**Goal of the exercise:** Your answer must be only the lines below from the one containing "Anmeldungen für den" through the one containing "W przypadku kupujących", copied exactly, with the pictures left out.

**Extracted data:**
──────
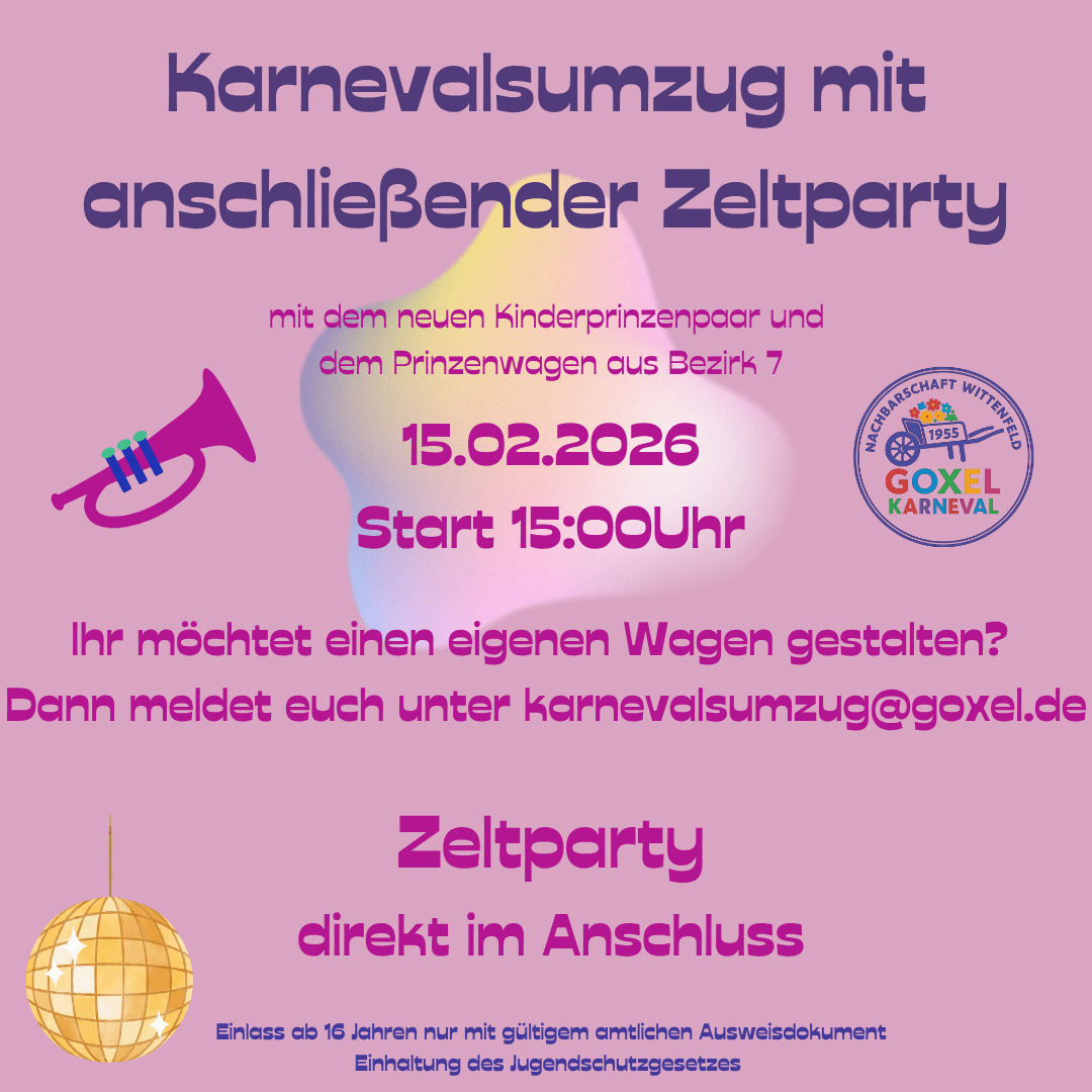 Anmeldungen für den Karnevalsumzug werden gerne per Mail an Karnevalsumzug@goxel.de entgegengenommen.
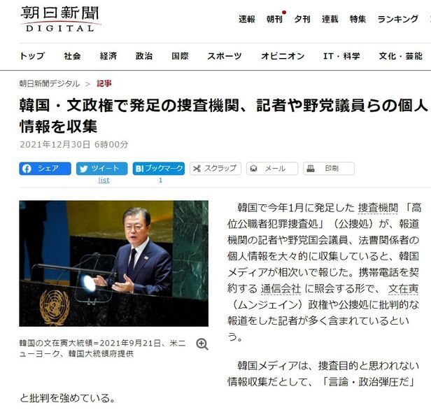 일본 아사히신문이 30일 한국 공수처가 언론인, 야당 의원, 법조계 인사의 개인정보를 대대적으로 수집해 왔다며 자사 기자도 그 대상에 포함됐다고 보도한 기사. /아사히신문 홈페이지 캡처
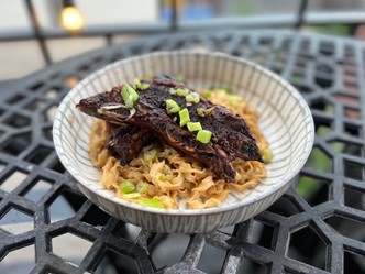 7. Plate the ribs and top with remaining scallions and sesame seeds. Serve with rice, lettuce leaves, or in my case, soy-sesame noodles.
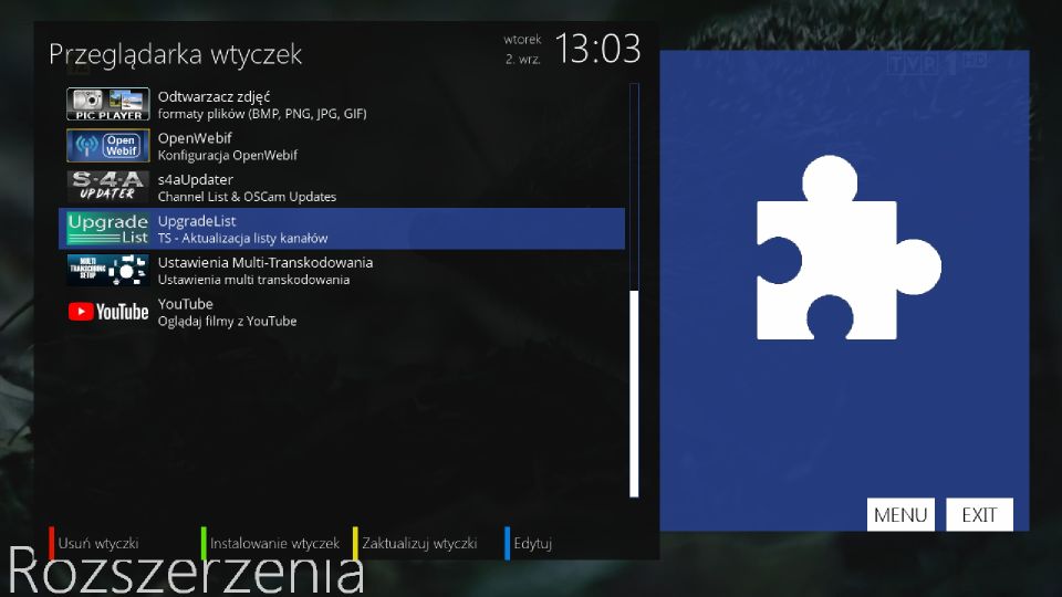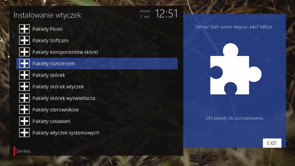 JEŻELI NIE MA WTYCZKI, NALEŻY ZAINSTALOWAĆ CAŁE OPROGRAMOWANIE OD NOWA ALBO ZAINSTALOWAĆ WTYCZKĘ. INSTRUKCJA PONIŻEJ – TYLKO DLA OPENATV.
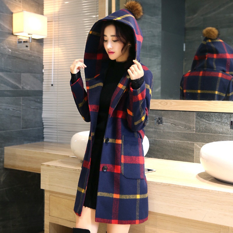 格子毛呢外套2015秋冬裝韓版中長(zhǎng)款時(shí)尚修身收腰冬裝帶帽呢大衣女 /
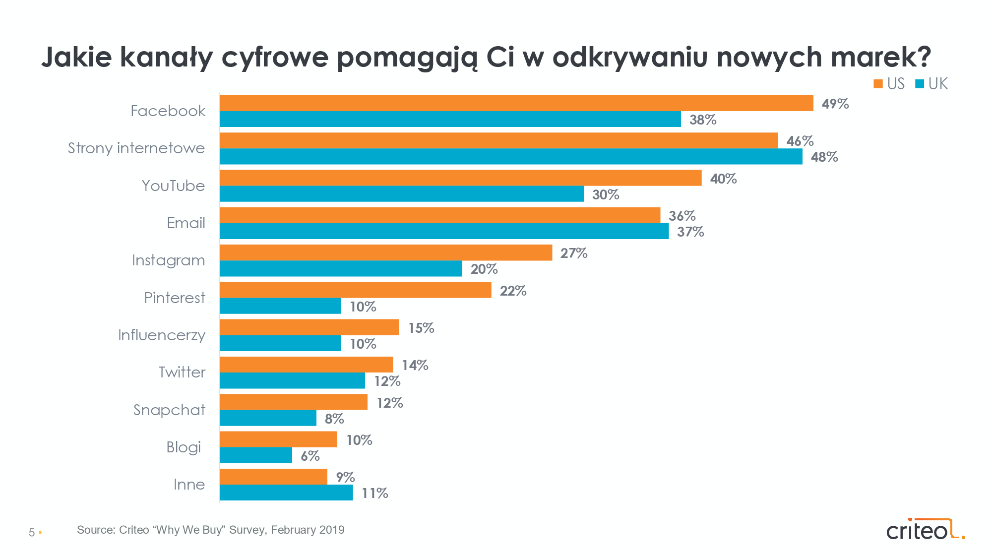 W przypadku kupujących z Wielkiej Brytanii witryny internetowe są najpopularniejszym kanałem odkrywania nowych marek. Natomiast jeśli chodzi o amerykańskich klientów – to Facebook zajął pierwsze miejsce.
──────
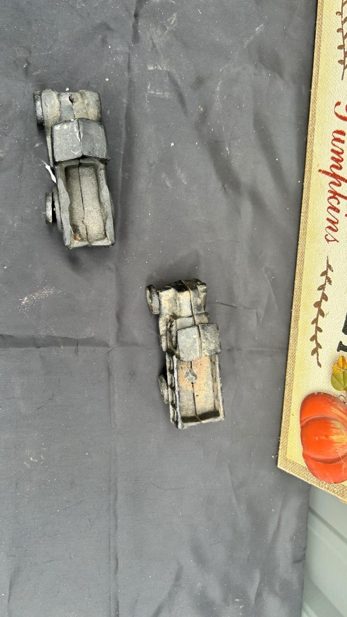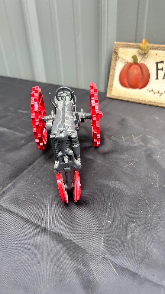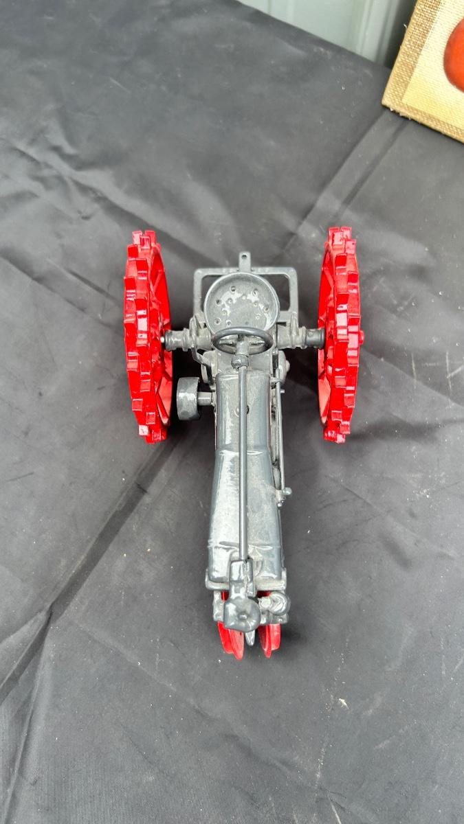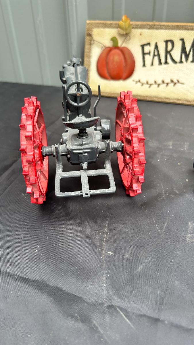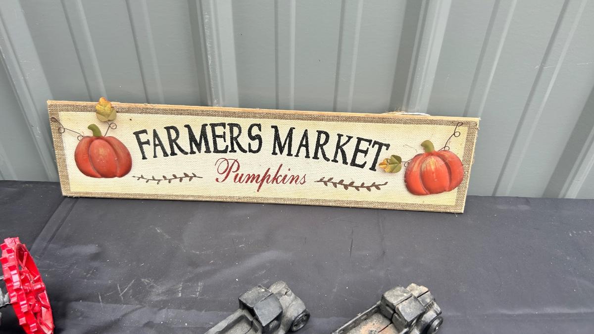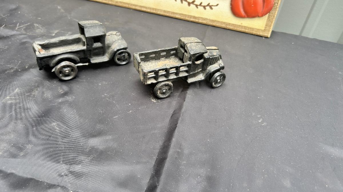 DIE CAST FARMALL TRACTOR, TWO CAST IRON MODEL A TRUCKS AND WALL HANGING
──────
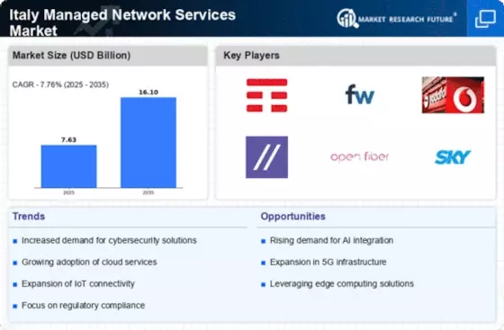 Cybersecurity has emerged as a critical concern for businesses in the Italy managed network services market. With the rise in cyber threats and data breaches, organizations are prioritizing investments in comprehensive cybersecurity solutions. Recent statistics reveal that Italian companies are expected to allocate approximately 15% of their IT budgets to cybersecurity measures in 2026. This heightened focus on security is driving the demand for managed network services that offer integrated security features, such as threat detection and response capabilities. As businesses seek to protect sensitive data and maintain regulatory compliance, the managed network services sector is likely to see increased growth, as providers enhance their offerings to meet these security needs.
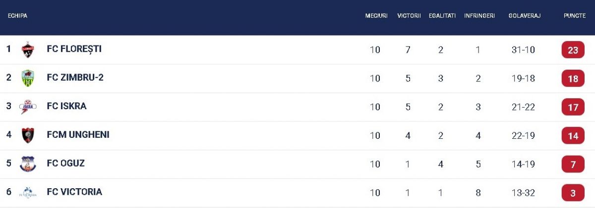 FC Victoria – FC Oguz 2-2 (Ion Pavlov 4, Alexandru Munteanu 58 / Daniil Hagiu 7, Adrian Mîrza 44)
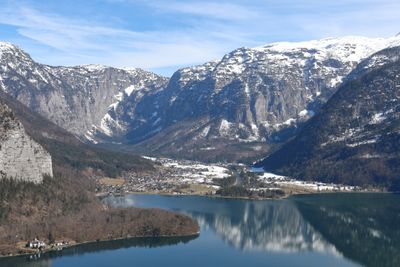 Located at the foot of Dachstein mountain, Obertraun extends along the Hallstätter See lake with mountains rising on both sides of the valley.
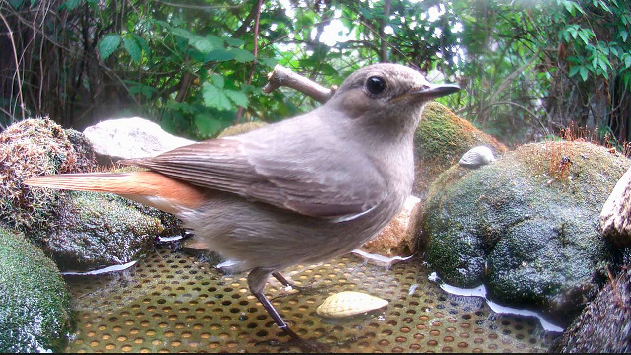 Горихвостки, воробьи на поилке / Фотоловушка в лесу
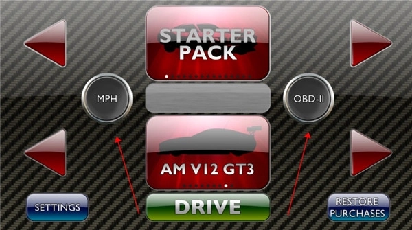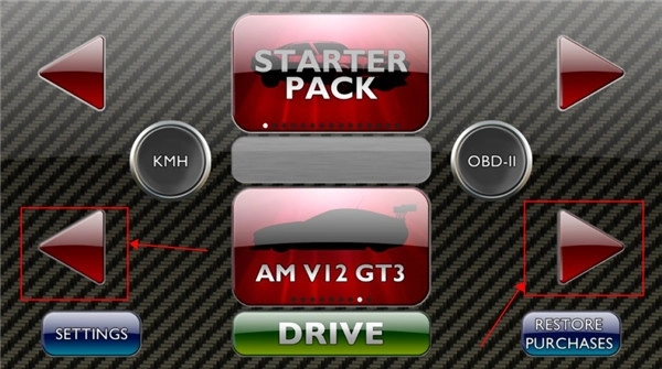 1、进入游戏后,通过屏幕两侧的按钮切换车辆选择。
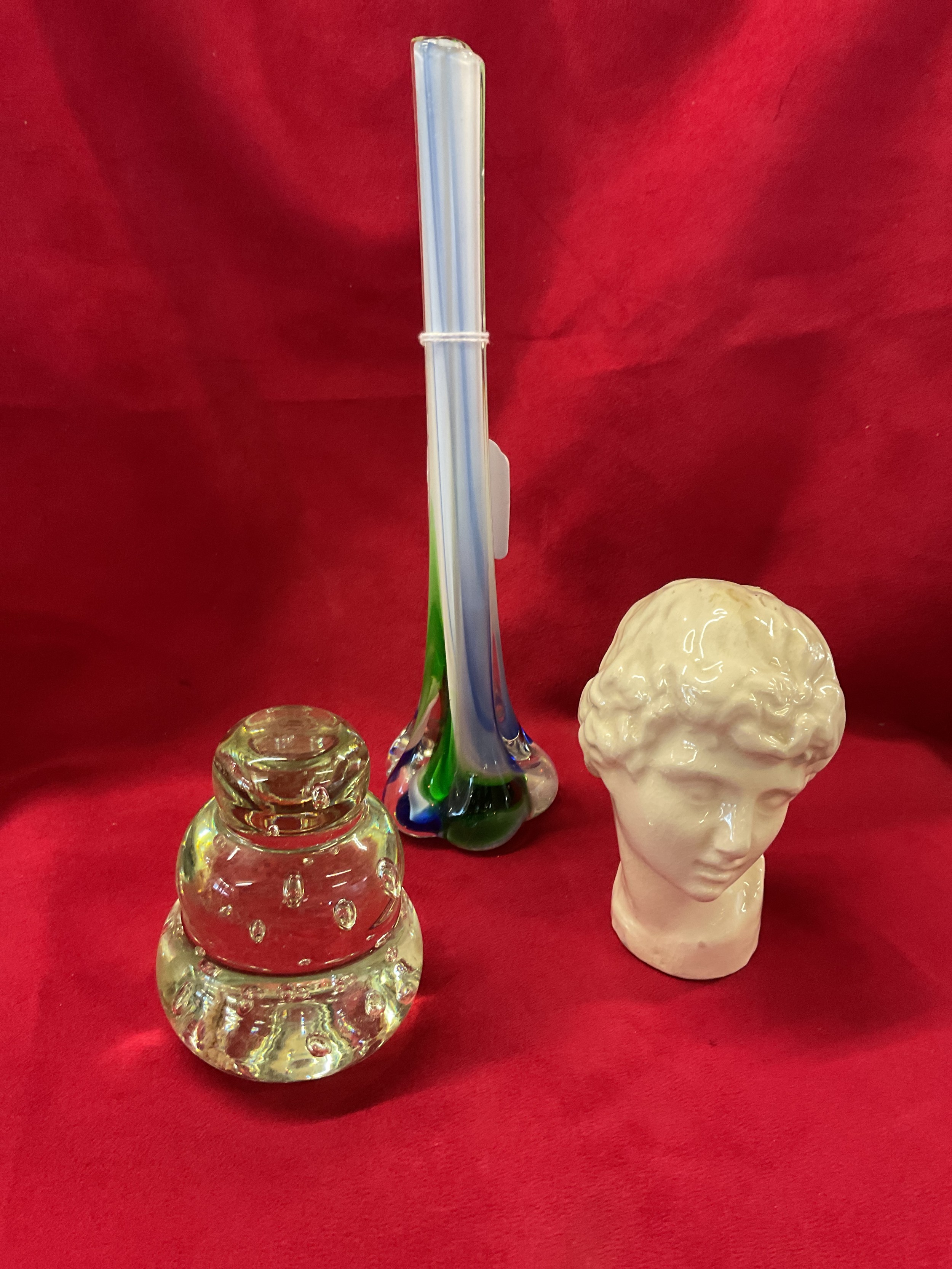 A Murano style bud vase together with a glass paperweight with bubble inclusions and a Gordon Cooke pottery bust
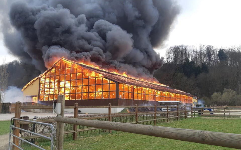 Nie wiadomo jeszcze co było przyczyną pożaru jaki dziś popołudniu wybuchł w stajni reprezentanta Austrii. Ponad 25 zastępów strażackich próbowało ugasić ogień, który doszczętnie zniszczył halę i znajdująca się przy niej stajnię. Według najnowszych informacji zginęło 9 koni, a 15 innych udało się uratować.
──────
**Solution:**
 Anmeldungen für den Karnevalsumzug werden gerne per Mail an Karnevalsumzug@goxel.de entgegengenommen.
 일본 아사히신문이 30일 한국 공수처가 언론인, 야당 의원, 법조계 인사의 개인정보를 대대적으로 수집해 왔다며 자사 기자도 그 대상에 포함됐다고 보도한 기사. /아사히신문 홈페이지 캡처
 7. Plate the ribs and top with remaining scallions and sesame seeds. Serve with rice, lettuce leaves, or in my case, soy-sesame noodles.
 JEŻELI NIE MA WTYCZKI, NALEŻY ZAINSTALOWAĆ CAŁE OPROGRAMOWANIE OD NOWA ALBO ZAINSTALOWAĆ WTYCZKĘ. INSTRUKCJA PONIŻEJ – TYLKO DLA OPENATV.
 格子毛呢外套2015秋冬裝韓版中長(zhǎng)款時(shí)尚修身收腰冬裝帶帽呢大衣女 /
 W przypadku kupujących z Wielkiej Brytanii witryny internetowe są najpopularniejszym kanałem odkrywania nowych marek. Natomiast jeśli chodzi o amerykańskich klientów – to Facebook zajął pierwsze miejsce.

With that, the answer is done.